Sometime in the late 1970s, my wife and I attended a meeting of the Minnesota Science Fiction Society. This was in the early days of table top role playing games, and in Minneapolis, or at least among those of us in Minn-Stf, these were nearly always homebrew systems—indeed, I confess some of us got a bit snobby when we learned that other people bought their game out of a box. Humph.
At that meeting we were introduced to a woman named Adrienne Thornly (now Robert Charles Morgan) and her (his? I don’t know how to do the pronouns when speaking of the past. On the recommendation of friends, I’ll go with “his” and use his current name) just then being developed world of Piarra, based on elements of D&D (which at the time I think I hadn’t even heard of) with bits of Lovecraft, Marion Zimmer Bradley, and many other things that appealed to his amazing, fertile mind.

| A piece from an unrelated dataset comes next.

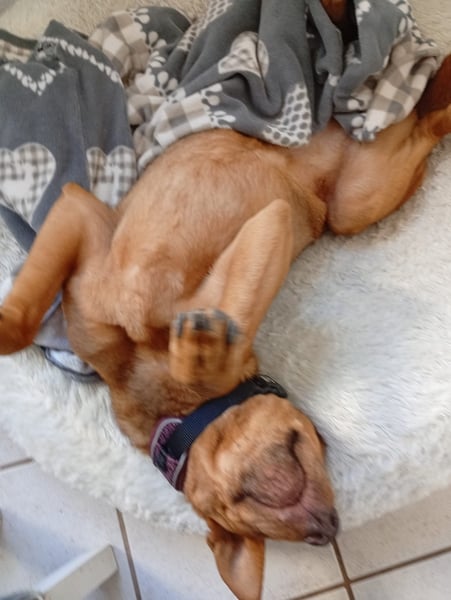 Solo ist eine ganz besondere Hündin, die man einfach ins Herz schließen muss. Sie hat ein ruhiges, liebevolles Wesen und zeigt sich im Alltag als absolute Traumhündin. Obwohl sie blind ist, merkt man ihr das kaum an – sie hat sich blitzschnell in Haus und Garten zurechtgefunden und meistert kleine Stufen souverän. Mit ein paar klaren Signalen wie „Stufe“ oder „Vorsicht“ bewegt sie sich sicher und vertrauensvoll.

My wife and I sat down to play, along with Steven Bond, Richard Tatge, a friend of Robert’s named John Robey, and John Stanley. My wife, Reen, and I were hooked inside of fifteen minutes. The world was raw, empty, undeveloped; but some basic concepts were there, like the Cycle of 17 Houses, and at least hints of what a few of those Houses were about.
The amazing thing was Robert’s ability to create, off the top of her head, fully fleshed out NPCs, with a life history and an agenda. We loved it, and continued obsessively playing for, I don’t even know. Months? A couple of years? Richard dropped away, and we became close friends with John Robey (now deceased, alas). The rest of the group remained fairly constant.
Yes, we were obsessed—but I had no idea then that this game would lead me onto a path that would guide, essentially, the rest of my life. I wrote the first book, Jhereg, in 1980, largely because Robert was gone, and I couldn’t stop obsessing. Because of complications in Robert’s personal life (that are none of my business or yours), I had to change some of the names when I started writing about it, and I added elements of my own TTRPG, Dragaera, that was an offshoot of Piarra, and develop those pieces that remained only vague concepts. And, while characters can translate from an RPG, I find that events generally do not, and so there is little that happened in the game that appears in the stories. But the heart and soul of my world remains the game that we played that one day at a Minn-Stf meeting in the late 70s.
As of today, I have 25 more chapters of Vlad to write–eight more of The Last Contract, and then Chreotha. It has been an amazing, wonderful, fulfilling journey. And I remain humbly grateful to the readers who have stayed with me, to Steve, John, John, Richard, and Reen, and, above all, to Robert Charles Morgan, who set me on the path that would guide my life.